DataStax wrote their Java driver to use Netty instead of using the core network connection classes in a typical Java virtual machine.  Netty is written to use Java's NIO API.  NIO does not recognize the JVM-wide settings like socksProxyHost, so it always attempts to make a direct connection to whatever host/port the Java code says.

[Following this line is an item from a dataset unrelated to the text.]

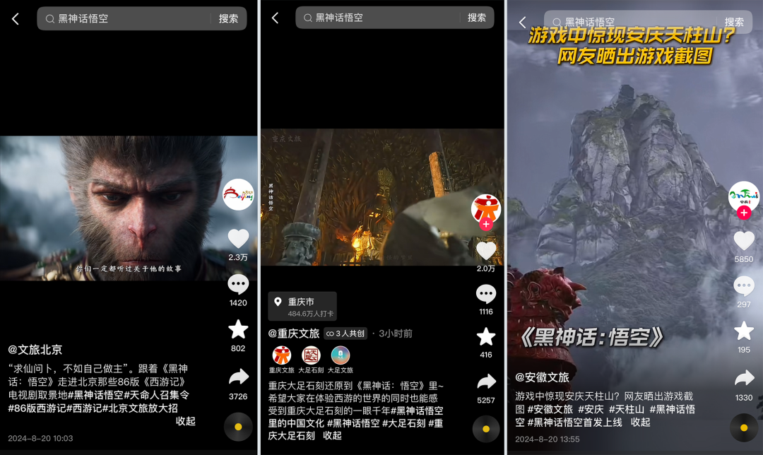 多地文旅部門展開《黑神話·悟空》相關傳播活動
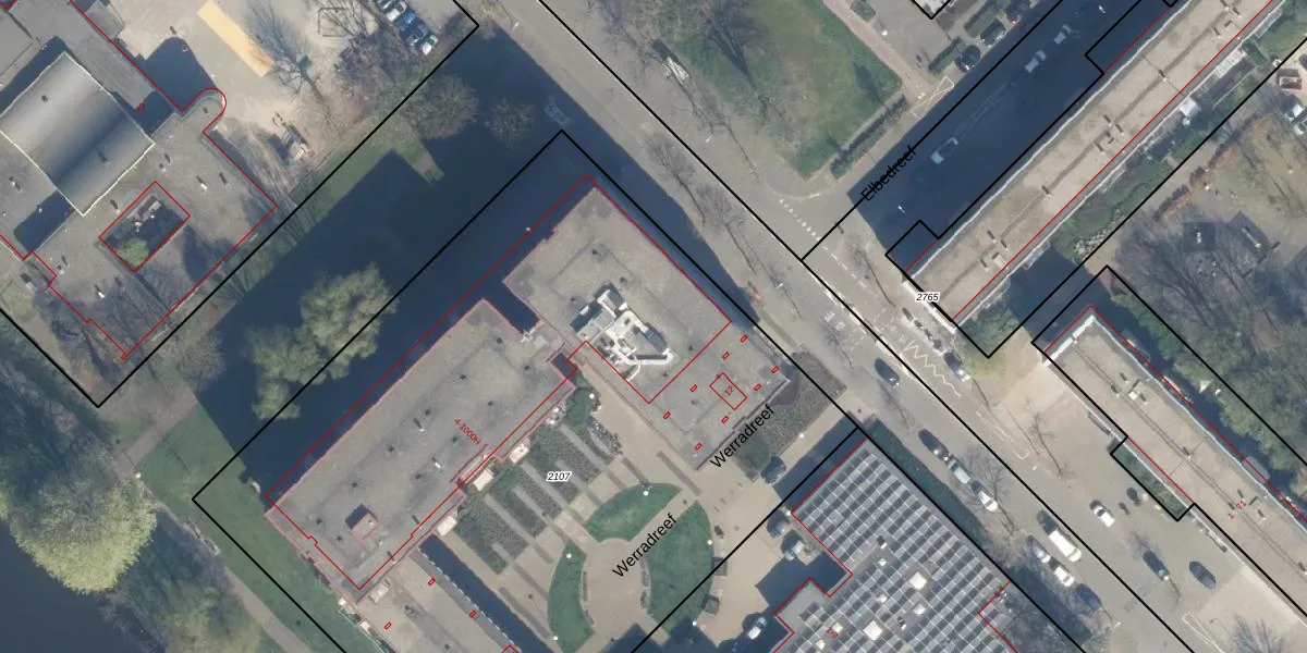 Het perceel waarop Werradreef 129 staat heeft een oppervlakte van 5450 m². Dit is een zeer groot perceel. De perceeloppervlakte wordt geregistreerd door het Kadaster. Gedetailleerde informatie over de maten van dit perceel kunt u vinden in het rapport Kadastrale kaart met maatvoering van Werradreef 129.

The other part of the problem is...

Connecting the DataStax client/driver to one node of a Cassandra cluster results in a handshake that retrieves network information for the other nodes in the cluster and tries to open additional connections.  If the primary connection is established via an SSH tunnel, the network information for the rest of the cluster nodes is likely to still be routable only within the remote environment.  That doesn't work even if you created additional SSH tunnels.

The solution (in a nutshell)...

Create tunnels for all of the cluster nodes, and register an instance of the DataStax AddressTranslater when the connection to Cassandra is opened.

The solution (details)...

The JSCH library makes it somewhat easy to open an SSH connection with tunnels.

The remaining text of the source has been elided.